What you will do — Lines from the one with "NHUNG NƠ KEM |" up to and including the one with "can be seen. |" are to be copied exactly from the records below, without their pictures.

Exercise materials —
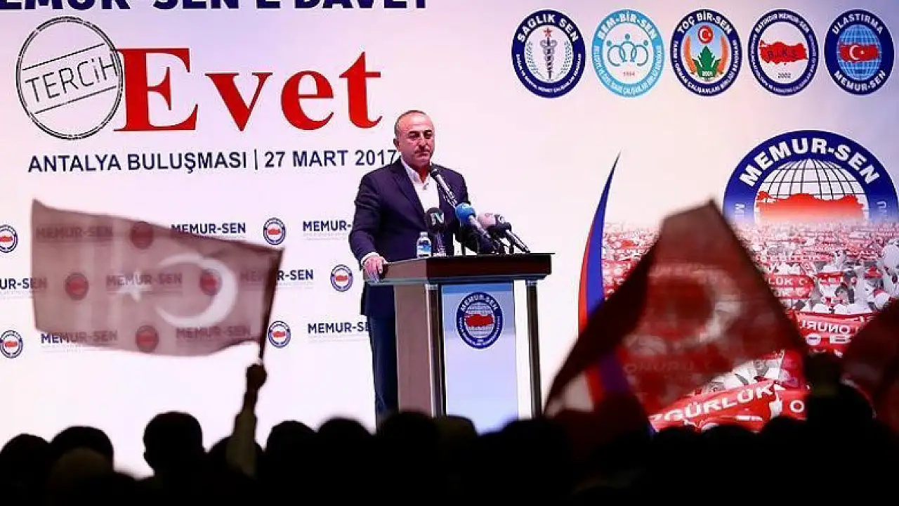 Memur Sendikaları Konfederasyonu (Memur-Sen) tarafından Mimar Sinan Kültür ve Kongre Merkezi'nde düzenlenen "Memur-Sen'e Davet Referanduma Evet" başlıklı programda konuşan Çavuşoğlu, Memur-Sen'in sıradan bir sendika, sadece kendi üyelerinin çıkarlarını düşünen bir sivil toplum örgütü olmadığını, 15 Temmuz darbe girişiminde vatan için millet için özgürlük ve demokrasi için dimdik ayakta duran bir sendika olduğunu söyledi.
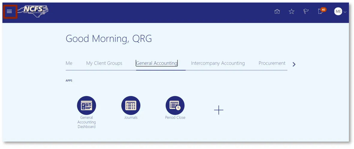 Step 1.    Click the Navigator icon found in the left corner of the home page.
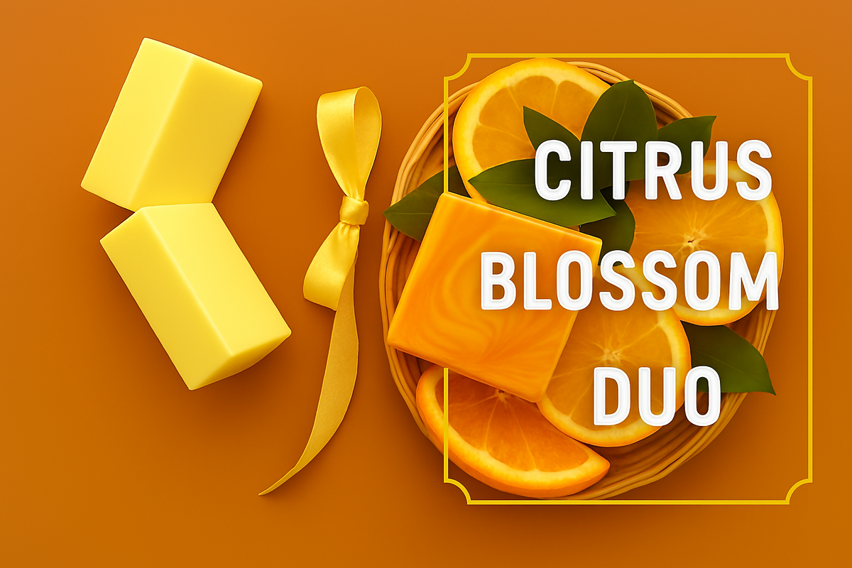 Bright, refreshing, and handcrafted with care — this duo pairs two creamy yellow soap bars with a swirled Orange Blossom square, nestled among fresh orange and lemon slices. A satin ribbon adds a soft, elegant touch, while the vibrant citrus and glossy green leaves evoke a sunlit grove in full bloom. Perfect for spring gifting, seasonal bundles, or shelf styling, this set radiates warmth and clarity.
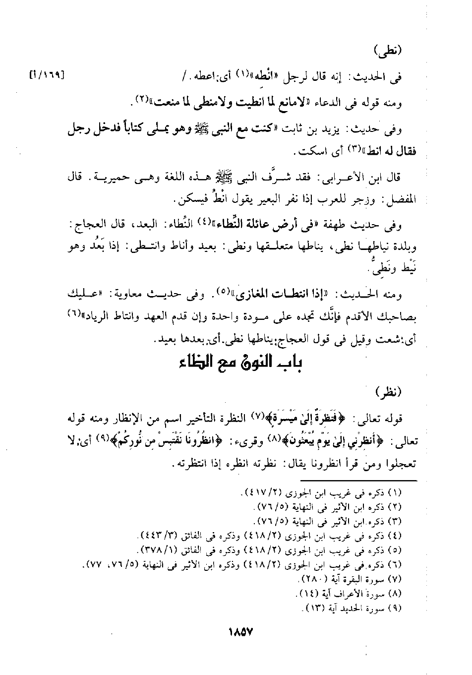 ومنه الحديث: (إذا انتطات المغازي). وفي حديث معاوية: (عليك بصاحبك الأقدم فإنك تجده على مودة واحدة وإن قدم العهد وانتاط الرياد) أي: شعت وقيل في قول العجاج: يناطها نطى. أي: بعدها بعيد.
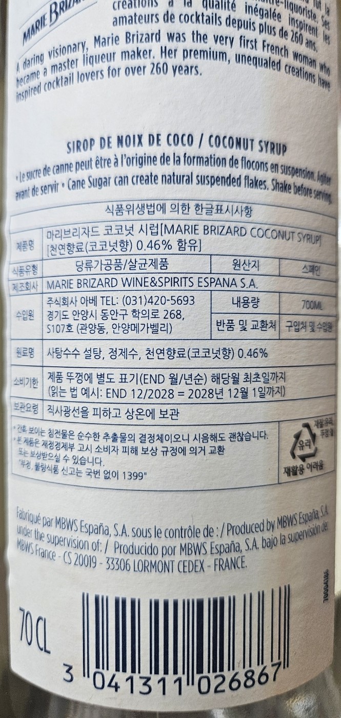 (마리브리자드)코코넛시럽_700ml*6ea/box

* * *

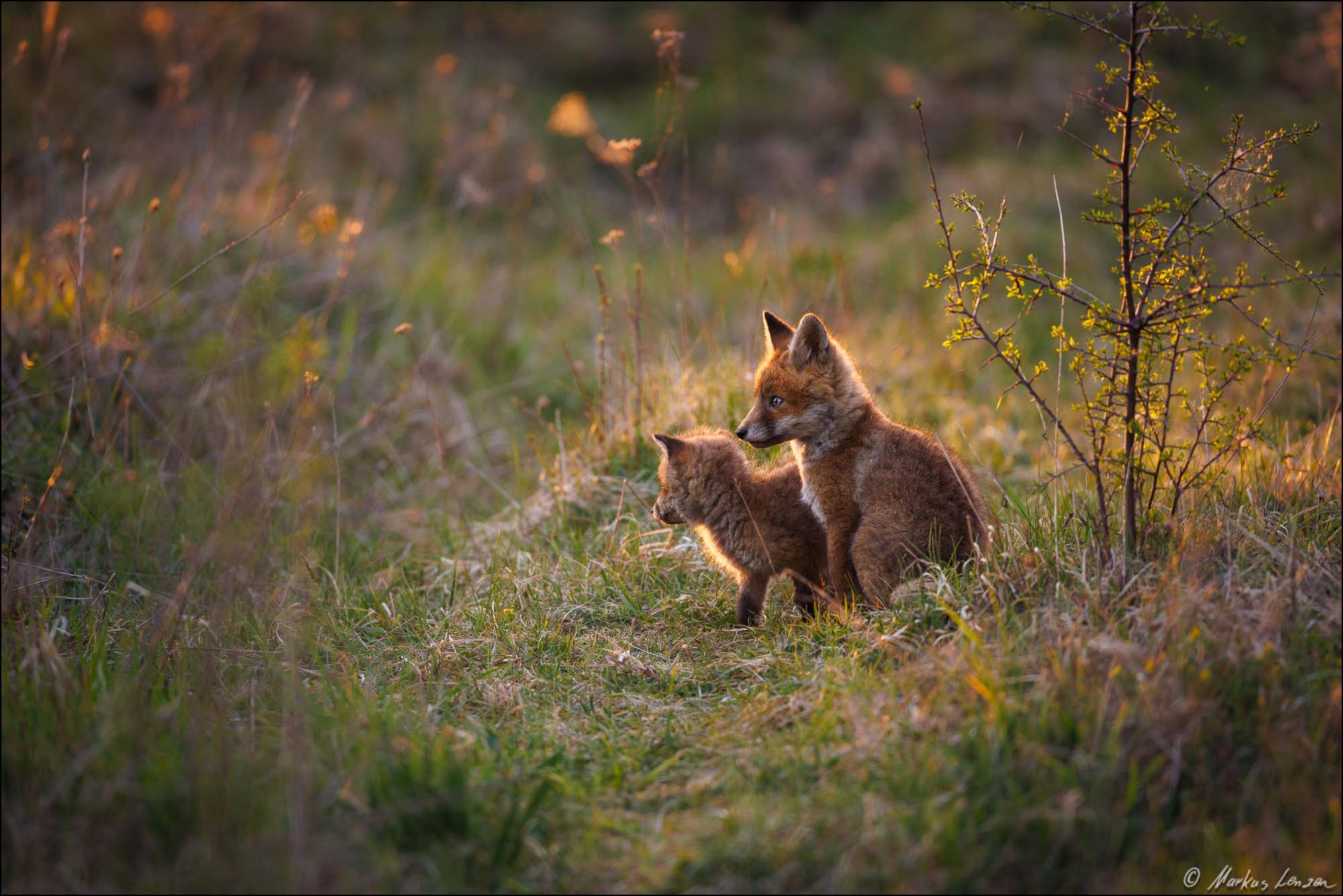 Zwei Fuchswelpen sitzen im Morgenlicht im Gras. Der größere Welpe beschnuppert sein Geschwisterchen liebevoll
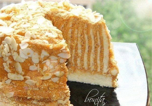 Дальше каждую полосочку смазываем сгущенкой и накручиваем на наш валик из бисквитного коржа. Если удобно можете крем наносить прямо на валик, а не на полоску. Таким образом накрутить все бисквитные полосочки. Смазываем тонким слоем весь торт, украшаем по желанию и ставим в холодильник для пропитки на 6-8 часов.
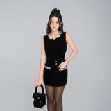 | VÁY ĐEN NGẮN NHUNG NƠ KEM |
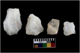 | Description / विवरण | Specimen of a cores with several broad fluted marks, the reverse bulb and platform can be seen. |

Response to this task —
 | VÁY ĐEN NGẮN NHUNG NƠ KEM |
 | Description / विवरण | Specimen of a cores with several broad fluted marks, the reverse bulb and platform can be seen. |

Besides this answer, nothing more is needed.